This retrospective cohort study evaluated the impact of artificial intelligence (AI) assistance on anatomical recognition during laparoscopic cholecystectomy (LC). Between June 2022 and December 2024, indocyanine green (ICG) fluorescence-guided LC videos were prospectively collected at a tertiary referral center. After excluding duplicate cases, 177 videos were used for model training, 15 for validation, and 15 for testing.
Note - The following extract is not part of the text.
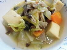 麦ごはん 厚揚げと白菜のピリ辛炒め
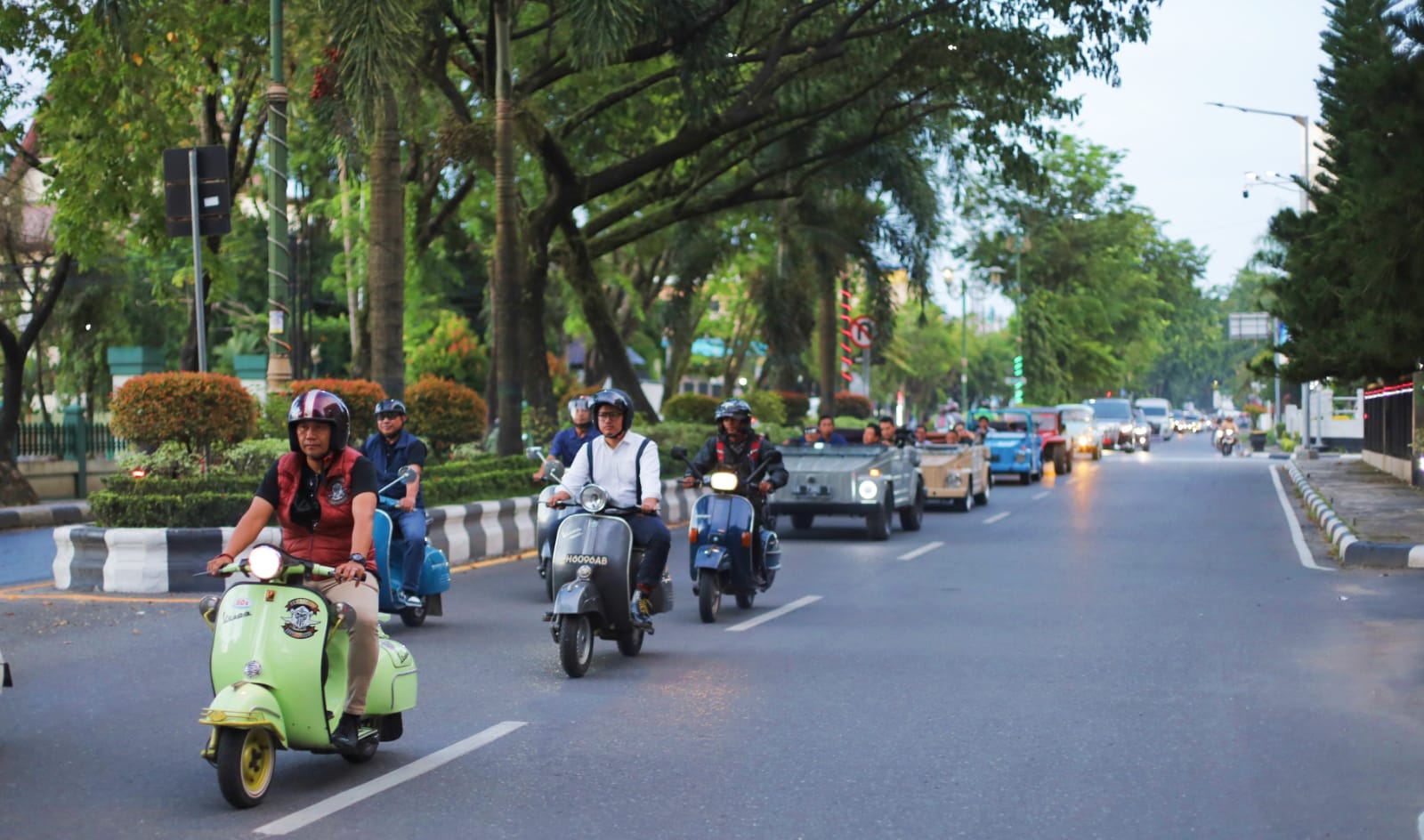 Banjarmasin – metropaginews.com || Iring-iringan kabriolet dan skuter klasik tampak menyusuri sejumlah ruas jalan utama Kota Banjarmasin, sore. Di balik kursi penumpang, Deputi Gubernur Senior Bank Indonesia, Destry Damayanti, didampingi Kepala Perwakilan Bank Indonesia Provinsi Kalimantan Selatan, Wahyu Pratomo, terlihat antusias menikmati kesyahduan panorama adimarga Kota Seribu Sungai.

Frames were extracted at 1 frame per second, and key structures including the common bile duct (CBD), cystic duct, cystic artery, liver, gallbladder, and surgical instruments were annotated by board-certified hepatobiliary surgeons to generate the ground truth dataset.
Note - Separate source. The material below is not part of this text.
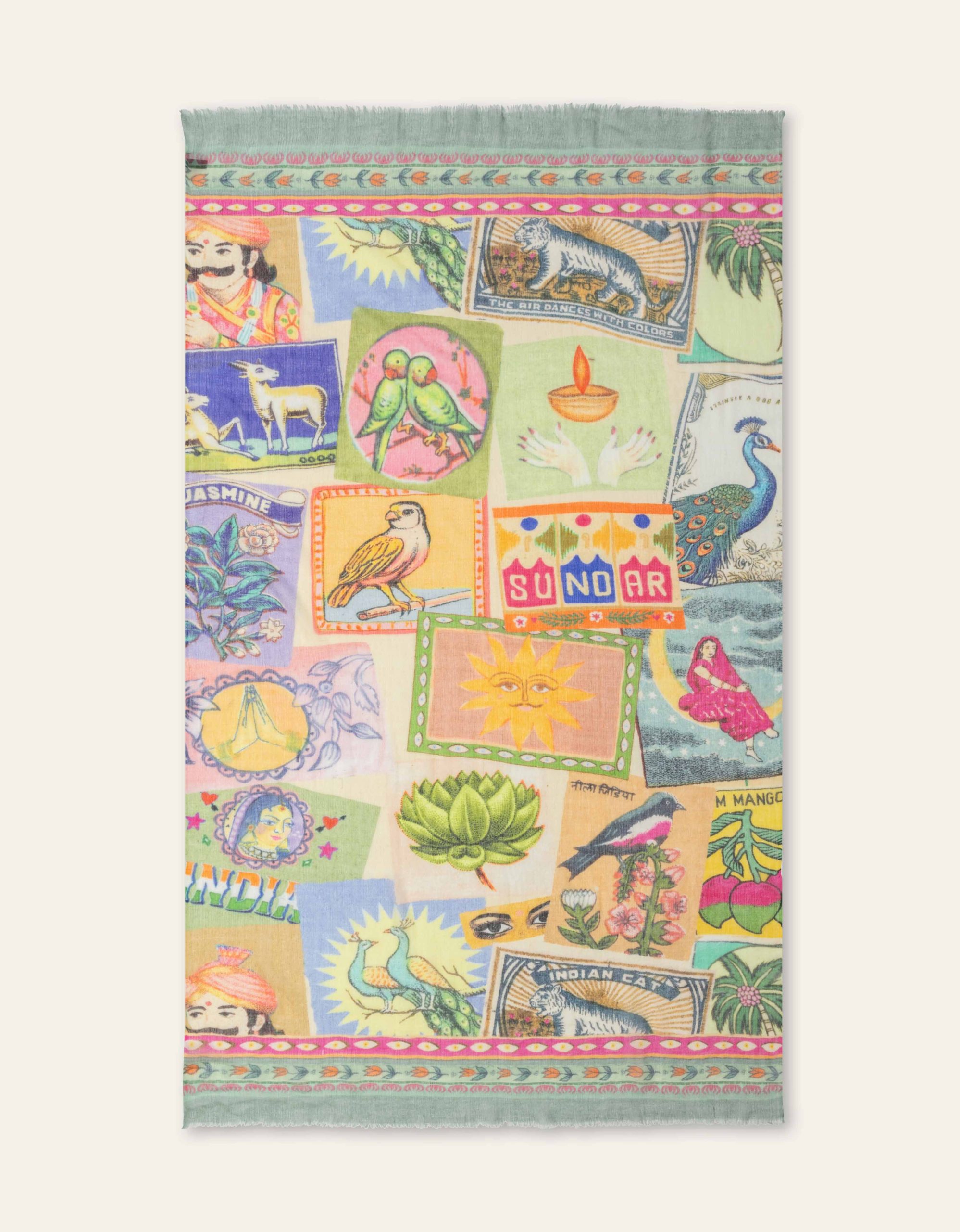 De print geïnspireerd op de kleurrijke Matchboxes uit India. In India worden zelfs de kleinste details versierd, zoals luciferdoosjes – vol kleur, patronen en verhalen. Die rijke, speelse decoratie zie je terug in deze unieke print.

A YOLOv9 object detection model, incorporating Programmable Gradient Information (PGI) and Generalized Efficient Layer Aggregation Network (GELAN), was trained to recognize critical biliary anatomy. For the experimental phase, surgical trainees (postgraduate trainees, junior residents, and senior residents) reviewed condensed 2-3 minute surgical videos, segmented into 5-second clips. In the CBD recognition task, participants determined whether the CBD was visible in each clip. In the CBD annotation task, participants placed bounding boxes to indicate the CBD location on single frames, and additionally delineated a polygonal "dangerous zone" within Calot's triangle where further dissection is considered hazardous.
Each participant first performed both tasks without AI assistance. After a one-week washout, the same tasks were repeated with AI support, which displayed YOLOv9-generated bounding boxes to guide decision-making. The task order was randomized to minimize learning bias. Performance metrics included recognition accuracy, precision, recall, F1-score, and intersection over union (IoU).
This study was retrospectively registered after completion, as it used de-identified surgical videos and trainee assessments.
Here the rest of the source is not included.